Enhancement of concrete performance and sustainability through incorporation of diverse waste carpet fibres
Nayanatara Gamage, Chamila Gunasekara, David W. Law, Shadi Houshyar, Sujeeva Setunge, Andrzej Ćwirzeń
Abstract
Carpet fibres have demonstrated the potential to mitigate early-age cracking and improve tensile properties in concrete. However, a detailed analysis of the varied types of standard carpet fibres in reinforced concrete has been lacking. This study aims to bridge this gap by investigating the performance of concrete reinforced with widely used waste carpet fibres, namely Nylon, Polypropylene, Polytrimethylene terephthalate, and Polyester. The study employs fibres at 0.3 % and 0.5 % volume fractions with a 12 mm length. The research examines mechanical properties, shrinkage and cracking behaviour, pore structure, microstructure, and the ITZ. Results show that 0.3 % fibre volume yielded optimal performance based on GRA analysis. All fibre types reduced shrinkage compared to the control with no fibres. Nylon T1 at 0.3 % achieved a 22.3 % reduction at 90 days.
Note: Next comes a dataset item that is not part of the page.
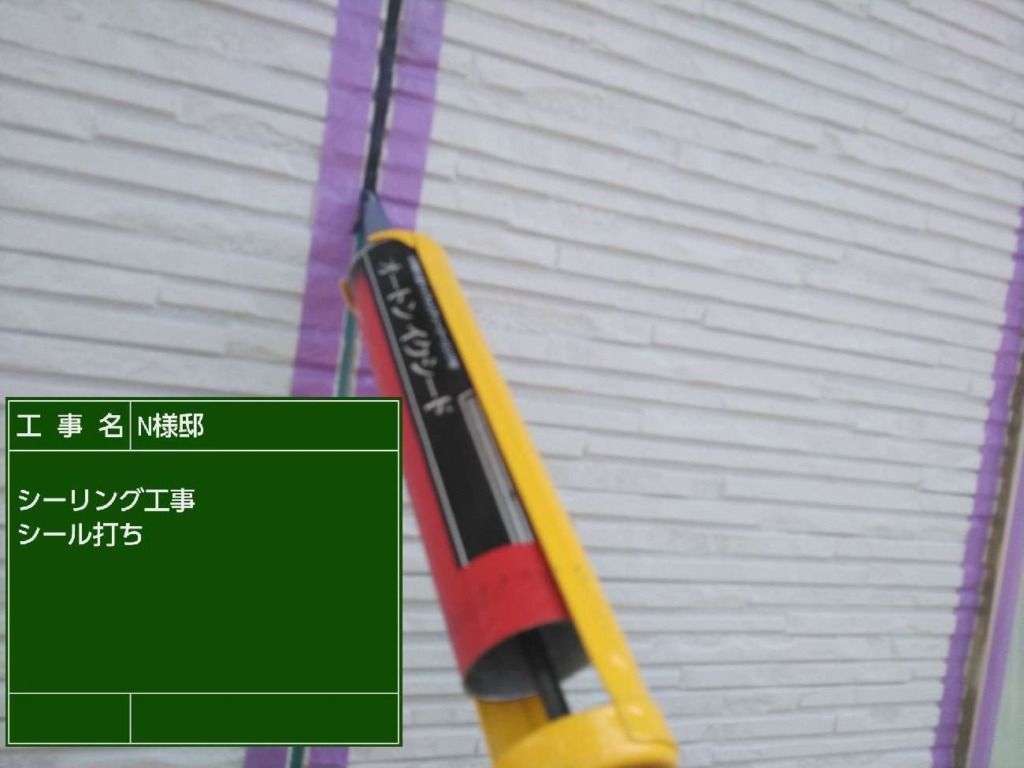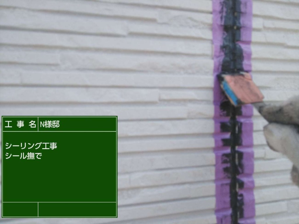 シーリング材充填 外壁共色のシーリング材が無いので、先打ちして養生期間をおきます
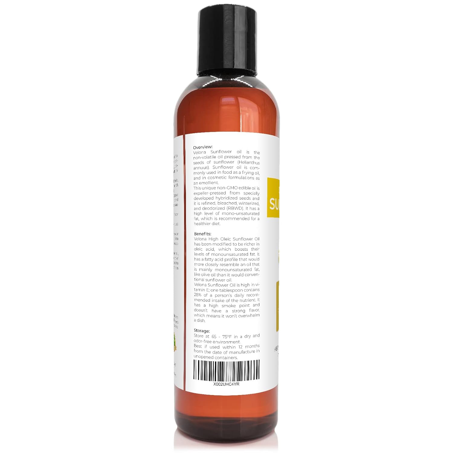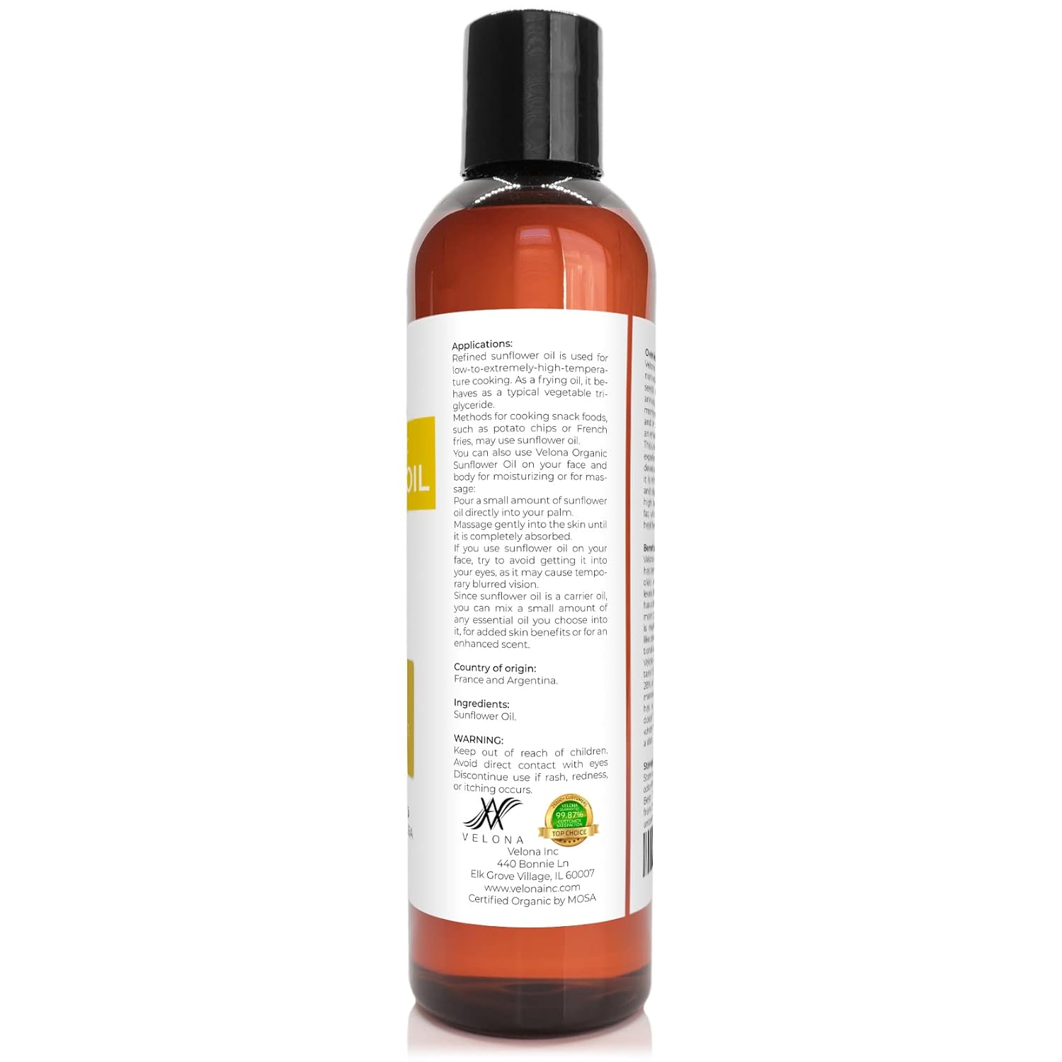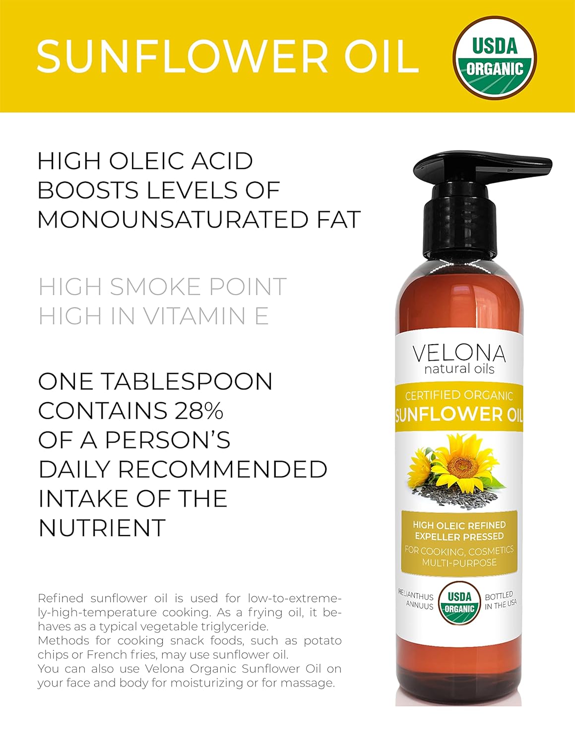 velona USDA Certified Organic Sunflower Oil - 8 oz | 100% Pure and Natural Carrier Oil | High Oleic, Refined, Cold Pressed | Cooking, Skin, Hair, Body & Face Moisturizing

Furthermore, fibre inclusion enhanced flexural and splitting tensile strengths up to 12 % and 39 % respectively due to fibre bridging, pore refinement, and reduced porosity. Notably, individual fibre mechanical properties influenced concrete performance significantly. Hydrophilic fibres exhibited a thinner 10 µm ITZ compared to 15 µm for hydrophobic fibres, contributing to denser interfacial regions and improved bonding. This study demonstrates the potential of carpet fibre-reinforced concrete as a sustainable solution, offering enhanced mechanical properties, shrinkage mitigation, and effective utilization of carpet waste, addressing critical issues in construction and waste management sectors. • PTT T1 (0.5 %) had highest flexural strength, 11.8 % higher at 28 days, than control. • Compressive strength and shrinkage reduction were optimum with 0.3 % fibre volume. • Nylon T1 fibres (0.3 %) reduced shrinkage by 22.3 % at 90 days compared to the control. • Nylon T1(0.3 %) had the lowest porosity, 81.12 % lower than the control at 28 days. • Hydrophobic fibres had an ITZ of 15 µm, while hydrophilic fibres had an ITZ of 10 µm.